The Ultimate Oscillator
by Larry Williams
There is nothing more intriguing to the beginning commodity or stock trader than the discovery of
oscillators. At first, oscillators appear to be the perfect trading tool because so often they give excellent
buy and sell signals. But, the more you use oscillators, the more you realize that oscillators give an equal
number of false signals.
Since the turn of the century, traders have tried to tame their oscillators in order to develop a new
approach that does not give false signals or false divergences yet provides an insight into the market that
no other tool can.
An oscillator actually measures the momentum of data, whether it is price, volume, or open interest. An
oscillator will help show the speed at which the information is changing. Thus, it can also define
over-bought or over-sold areas.
The pioneer in oscillator work was Owen Taylor who in the 1920's presented oscillator work based on
7-day data. Taylor looked at price today versus a 7-day moving average of price or a 7-day moving
average of advancing and declining stocks over the last seven days.

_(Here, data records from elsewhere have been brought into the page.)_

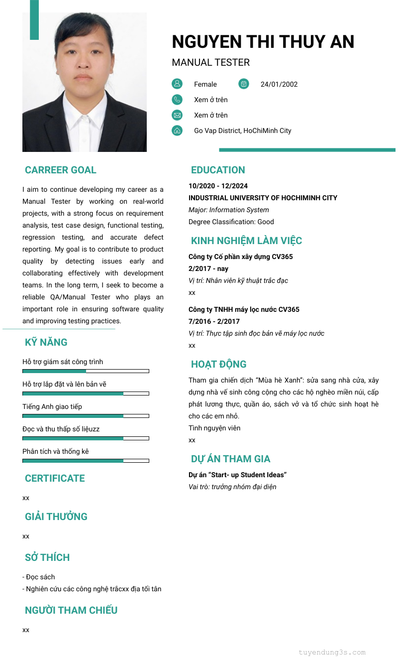 Mở xem thông tin đầy đủ ứng viên NGUYEN THI THUY AN chỉ với 2 điểm. Ứng viên được cập nhật ngày 17/01/2026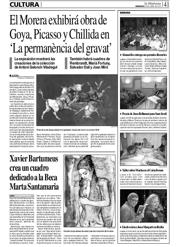 - el Morera exhibirá obra de Goya, Picasso y Chillida en "La permanència del gravat"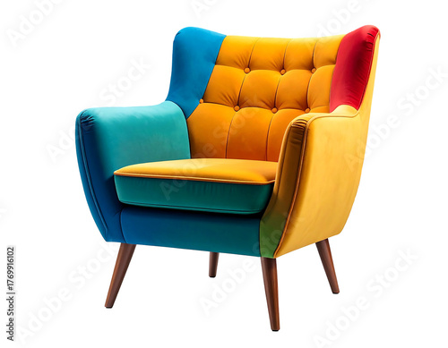 Naklejka premium Vibrant armchair with patchwork design in blue, yellow, and red, isolated on...
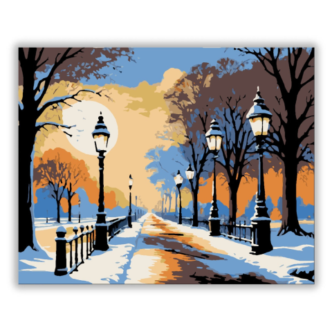 Holdfényes Téli Séta - számfestő készlet – 40×50 cm (Keret nélkül) A kép egy meghitt téli sétányt ábrázol, ahol a lámpák fényei finoman emelik ki a holdfényben fürdő hóval borított tájat. Az aranyló és narancs tónusok különös melegséget árasztanak a hideg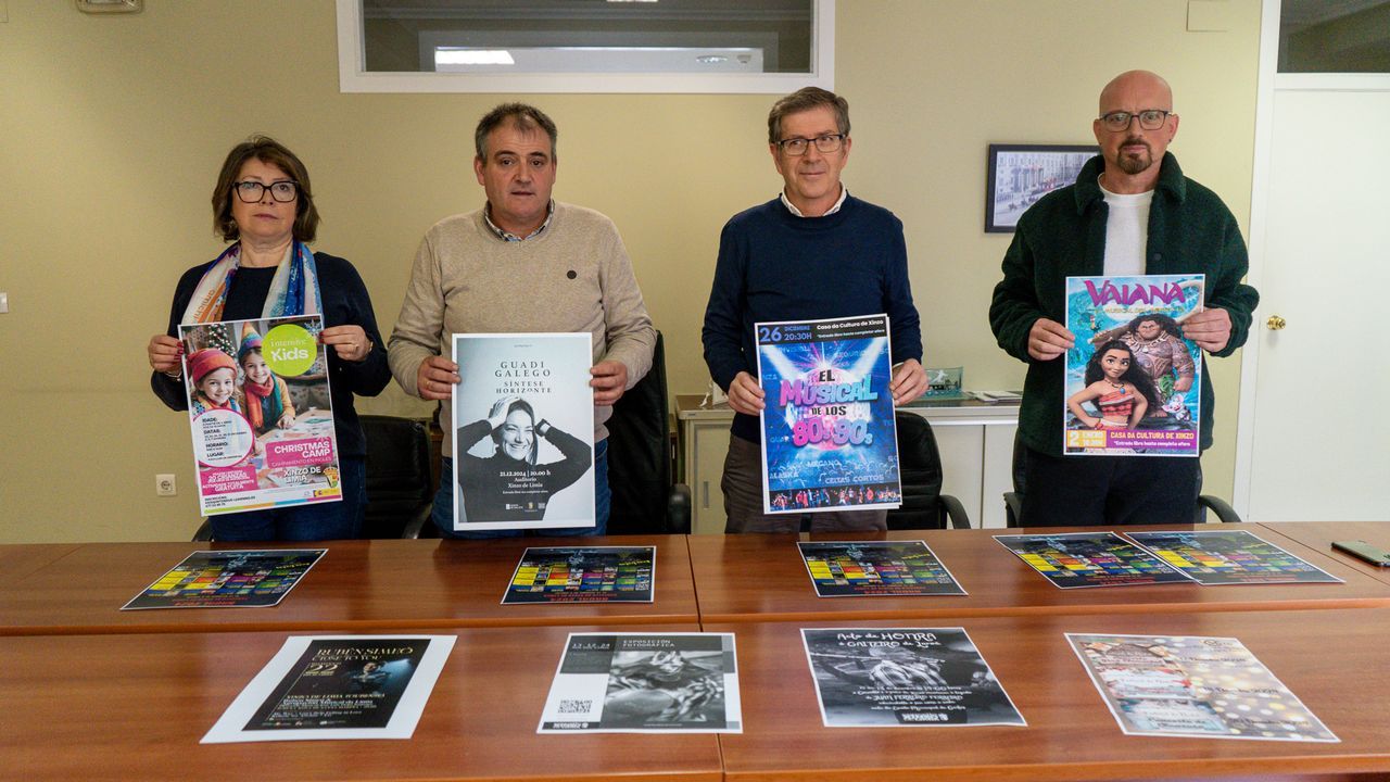 El Concello de Xinzo presentó este jueves la programación para esta Navidad. Todas las actividades serán gratuitas pero habrá una campaña solidaria para colaborar con el CEIP Ausias March de Paiporta, afectado por la dana. Habrá cuatro grandes eventos musicales. Guadi Galego actuará el 21 de diciembre a las 20.00 horas en el auditorio municipal, seguida de la presentación del trabajo de Rubén Siméo a las 20.00 horas el domingo 22 en la Igrexa Nova de Santa Mariña. Después será el musical de los años 80 y 90 el día 26 a las 20.30 horas en la Casa da Cultura. Además, el 2 de enero se proyectará el musical Vaiana a las 18.30 horas también en la Casa da Cultura.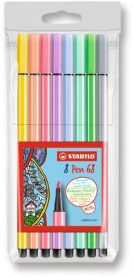 Carioca 8 culori/set, varf 1mm, culori pastel, Pen 68 Stabilo, SW68801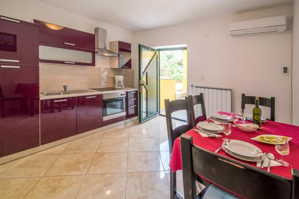 The family house is located in a quiet part of Vrbnik. In addition to the host of the house is situated 5 apartments, a total of 16 people. Apartments Sun are located 2 minutes from the beach. From the terrace is a wonderful view of the Velebit channel and the old Vrbnik The house has a large garden. Our tourists drink free wine (Zlahtina). Ideal stay before and after the season. You will enjoy the peace, sun, sea and žlahtina. Nearby Vrbnik there are a lot of bicycle paths and walking trails (with vineyards in the wild). We have a diving center and a diving school. The seabed in the area of Vrbnik is wonderful.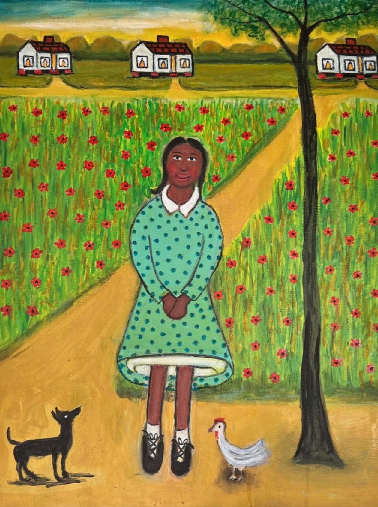 “Girl With Chicken and Dog” by Lorenzo Scott measuring 24”x21” in oil on canvas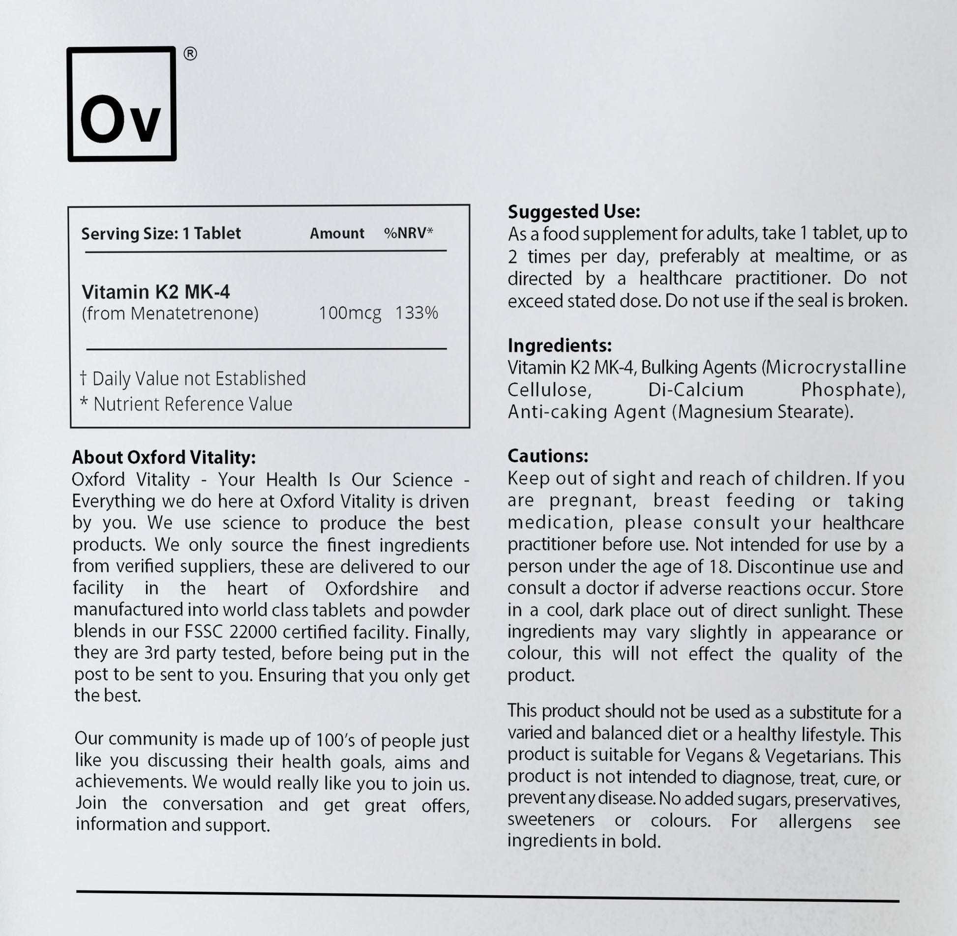 Vitamin K2 MK-4 Tablets | 100mcg Supplement for Blood & Bone Health | Oxford Vitality

In the 1940's Woods and Vignolia started their interesting approach to the market measuring volume in
what is now known as On Balance Volume. These two gentlemen, based in San Francisco, started
running a cumulative positive-negative volume flow that was later popularized by Joe Granville. Woods
and Vignolia also did a tremendous amount of oscillator work using 20 to 40-day measurements of days
that had up volume versus days that had down volume.